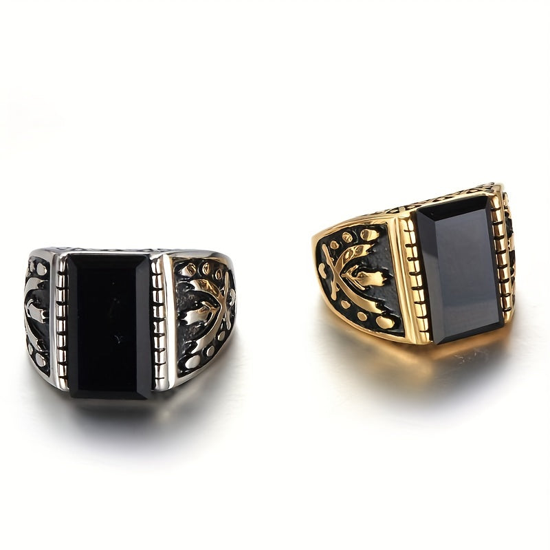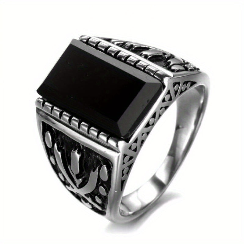 Add a touch of rock party style with this vintage classic ring featuring inlaid zircon gemstones. Perfect for men's jewelry collection.
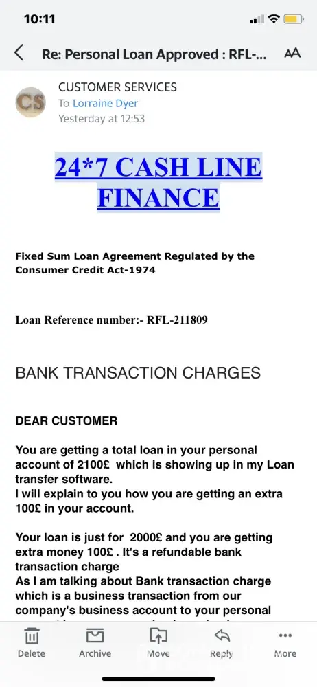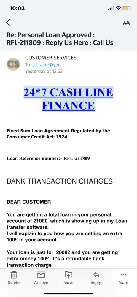 Please do not been taken in by this scam. They ask for a £50 steam card to be sent to cover administrative fees. Once they have got that they start asking for £100 to cover the charges for a CHAPS payment. It's a complete scam. They are targeting people with poor credit ratings. They can't be able to get away with this. I'm now £50 out of pocket and have...
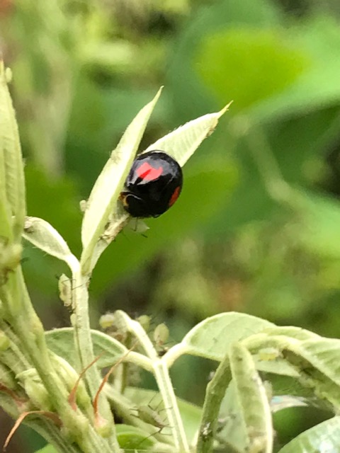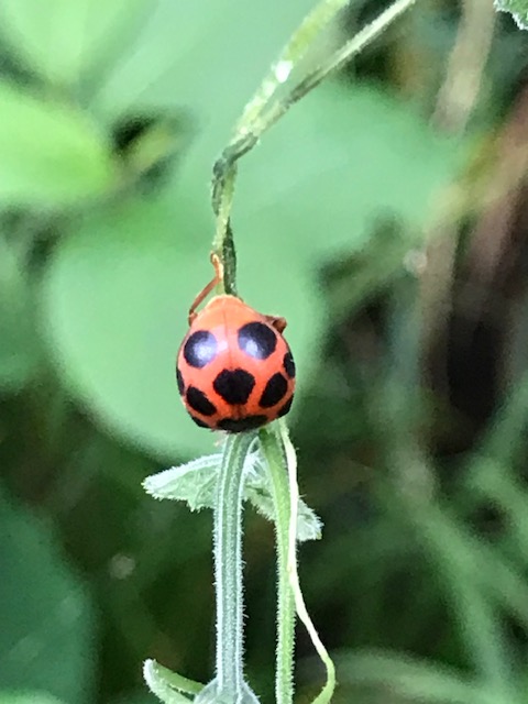 「天道虫」はテントウムシ科に属する小形の甲虫。枝などの先端まで登って行き、行き場がなくると太陽に向かって飛び立つ習性があることからこの名がある。成虫は半球形で、短い脚や触角をもつ。体の表面には光沢があり、色も星の数も種類によって様々だ。固い鞘翅の下に畳み込まれた翅を広げて飛ぶが、木の葉や枝を這いまわっていることが多い。
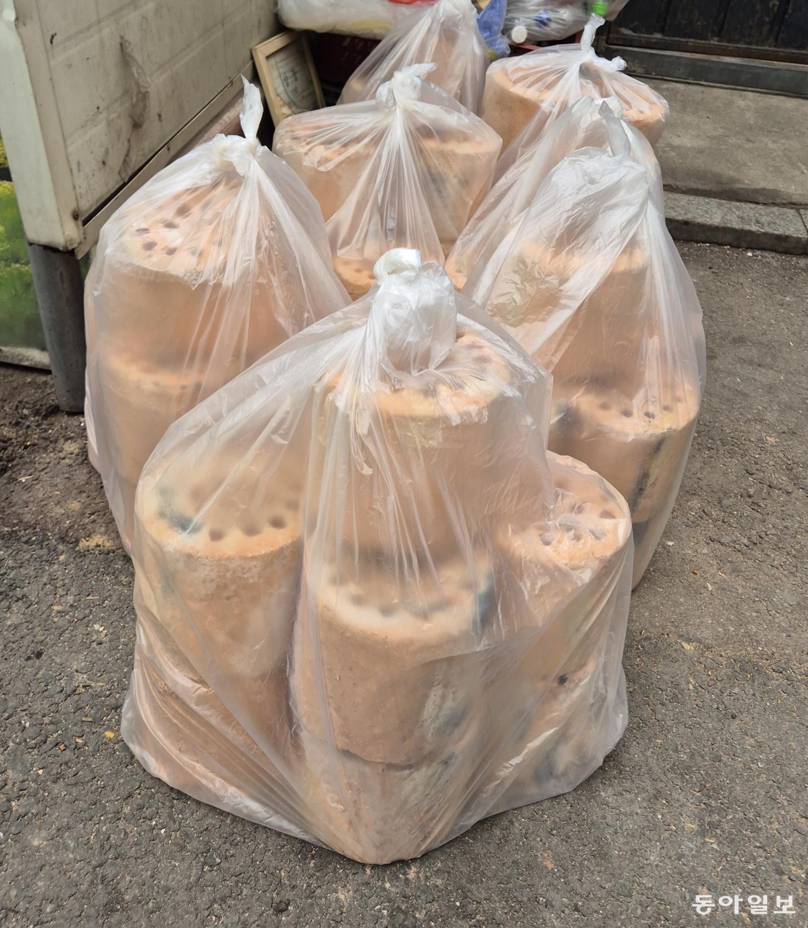 다 타고 난 연탄을 선물 포장하듯 가지런히 봉투에 담았습니다. 겨우내 방안의 온기를 전한 연탄에 대한 고마움이 묻어나는 듯합니다.
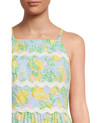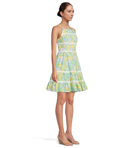 Step into elegance with the Lilly Pulitzer Women's Angelynn Dress, crafted from 100% cotton for comfort and style. This fit-and-flare dress features an allover floral print, perfect for various occasions like garden parties and brunches. The chic apron neckline and sleek shoulder straps provide a comfortable fit, while the bodice cups offer subtle support. The tiered skirt falls gracefully above the knees, allowing for freedom of movement. Practical side seam pockets add functionality, making it easy to carry small essentials. The half-zipper closure ensures ease of wear, ideal for busy lifestyles.
********************
TASK BRIEF => Write the listing above out again word for word, excluding all images.

OUTPUT FOR THIS EXERCISE =>
 Add a touch of rock party style with this vintage classic ring featuring inlaid zircon gemstones. Perfect for men's jewelry collection.
 Please do not been taken in by this scam. They ask for a £50 steam card to be sent to cover administrative fees. Once they have got that they start asking for £100 to cover the charges for a CHAPS payment. It's a complete scam. They are targeting people with poor credit ratings. They can't be able to get away with this. I'm now £50 out of pocket and have...
 「天道虫」はテントウムシ科に属する小形の甲虫。枝などの先端まで登って行き、行き場がなくると太陽に向かって飛び立つ習性があることからこの名がある。成虫は半球形で、短い脚や触角をもつ。体の表面には光沢があり、色も星の数も種類によって様々だ。固い鞘翅の下に畳み込まれた翅を広げて飛ぶが、木の葉や枝を這いまわっていることが多い。
 다 타고 난 연탄을 선물 포장하듯 가지런히 봉투에 담았습니다. 겨우내 방안의 온기를 전한 연탄에 대한 고마움이 묻어나는 듯합니다.
 Step into elegance with the Lilly Pulitzer Women's Angelynn Dress, crafted from 100% cotton for comfort and style. This fit-and-flare dress features an allover floral print, perfect for various occasions like garden parties and brunches. The chic apron neckline and sleek shoulder straps provide a comfortable fit, while the bodice cups offer subtle support. The tiered skirt falls gracefully above the knees, allowing for freedom of movement. Practical side seam pockets add functionality, making it easy to carry small essentials. The half-zipper closure ensures ease of wear, ideal for busy lifestyles.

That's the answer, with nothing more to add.